> _WHAT TO PRODUCE_:
With the pictures left out, return exactly the lines from the one containing "of animal welfare." through the end of the listing below.

> _RECORD SET_:

--

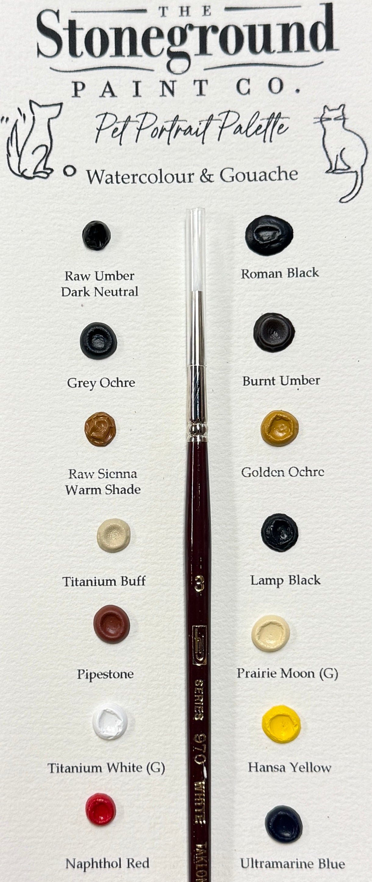 Our Pet Portrait Dot Card features 12 dots of watercolour and 2 dots of pigment rich gouache in the following colours;
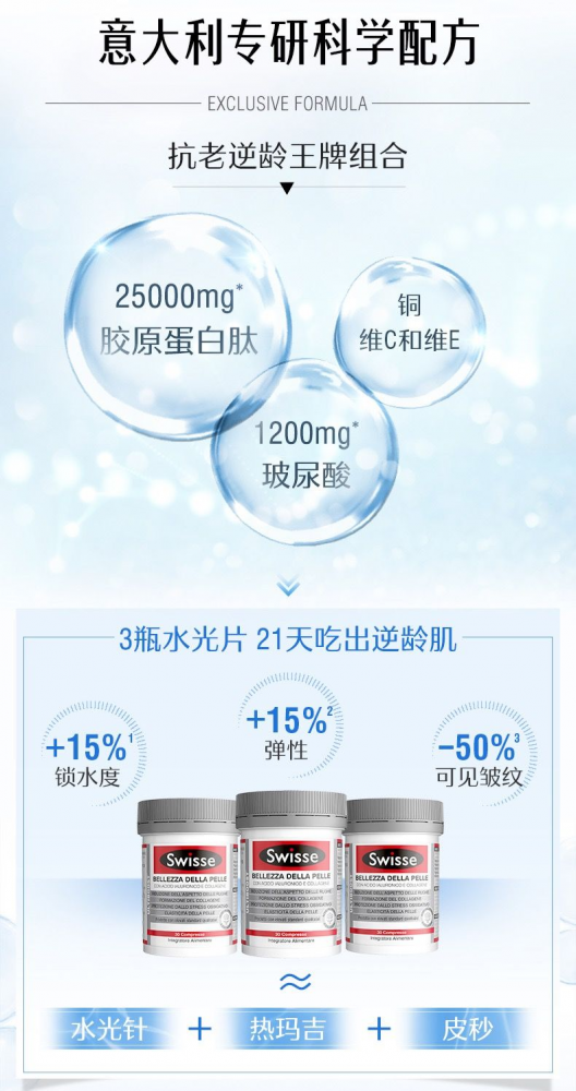 墙裂推荐Swisse超牛新款【Swisse口服玻尿酸水光片30粒】!!澳洲直邮回家!! 市面上,唯一一款同时含有玻尿酸和胶原蛋白却能达成临床验证有效用量的口服玻尿酸水光片!! 无数明星、小红书大牛为它打Call!唯一医美级别的保健品!💧 水润嘭弹、紧致有光泽,只需21天你将通通拥有!#Swisse口服玻尿酸胶原水光片,经临床验证有效,超高品质「胶原蛋白+玻尿酸」二合一 ☑️深层锁水☑️提高肌肤水润度☑️击退眼纹,重塑少女肌
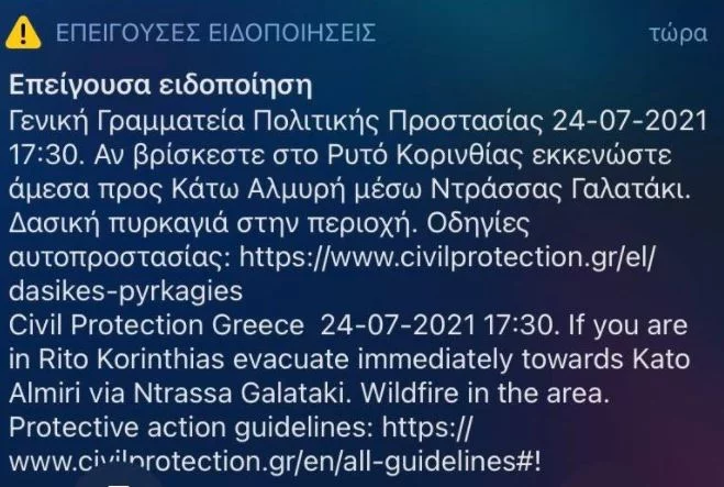 Μήνυμα του 112 για εκκένωση του οικισμού Ρυτό
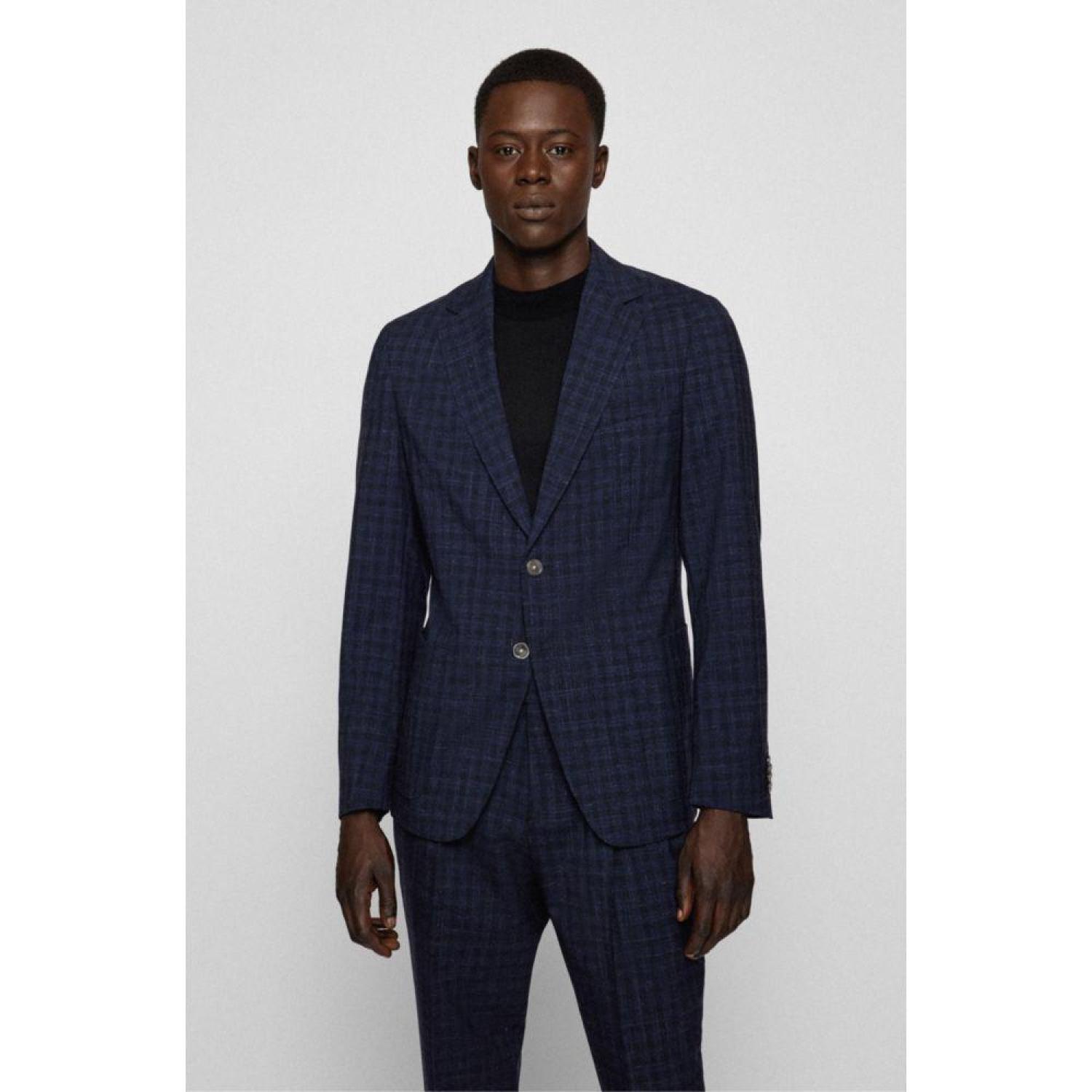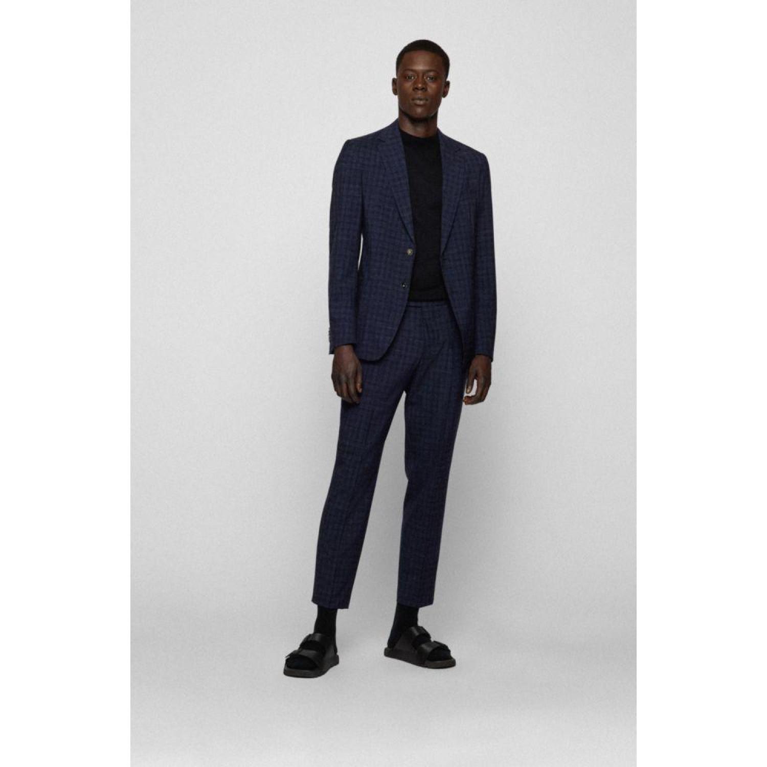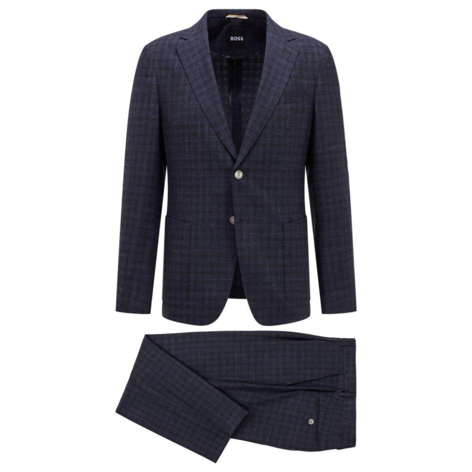 • A slim-fitting suit by BOSS Menswear. Blended with linen for a cooling and breathable feel, this two-piece suit is tailored to a streamlined fit and patterned with a contemporary check. For our RESPONSIBLE products, we always use at least 60% more sustainable raw materials. This garment is made from at least 60% responsible and certified wool. At HUGO BOSS, responsible wool means it meets the standards of the Five Freedoms of animal welfare.
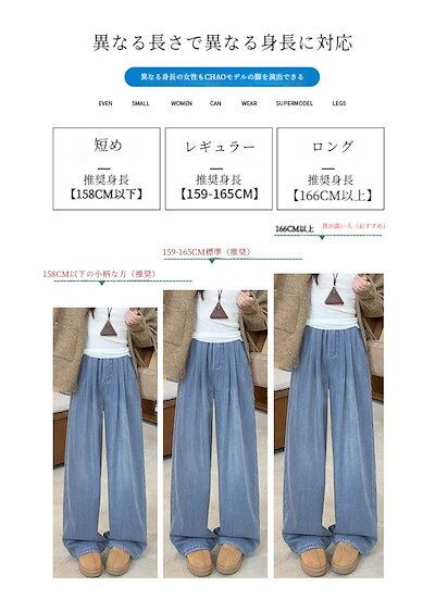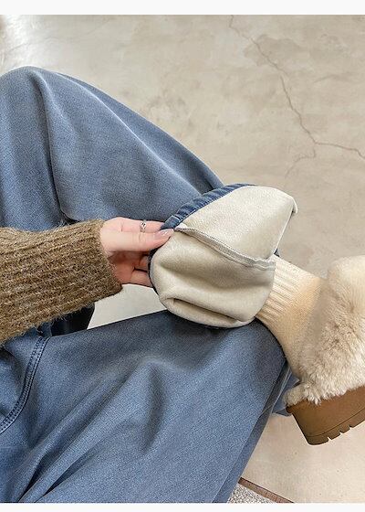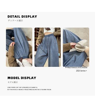 秋冬新品 テンセル 柔らかい 裏起毛 防寒防風 デニム パンツ 楽ちん ゴム デニムパンツ ワイドパンツ レディース 大きいサイズ ゆったり ストレートパンツ ボリューム ロングパンツ

--

> _WRITTEN REPLY_:
 • A slim-fitting suit by BOSS Menswear. Blended with linen for a cooling and breathable feel, this two-piece suit is tailored to a streamlined fit and patterned with a contemporary check. For our RESPONSIBLE products, we always use at least 60% more sustainable raw materials. This garment is made from at least 60% responsible and certified wool. At HUGO BOSS, responsible wool means it meets the standards of the Five Freedoms of animal welfare.
 秋冬新品 テンセル 柔らかい 裏起毛 防寒防風 デニム パンツ 楽ちん ゴム デニムパンツ ワイドパンツ レディース 大きいサイズ ゆったり ストレートパンツ ボリューム ロングパンツ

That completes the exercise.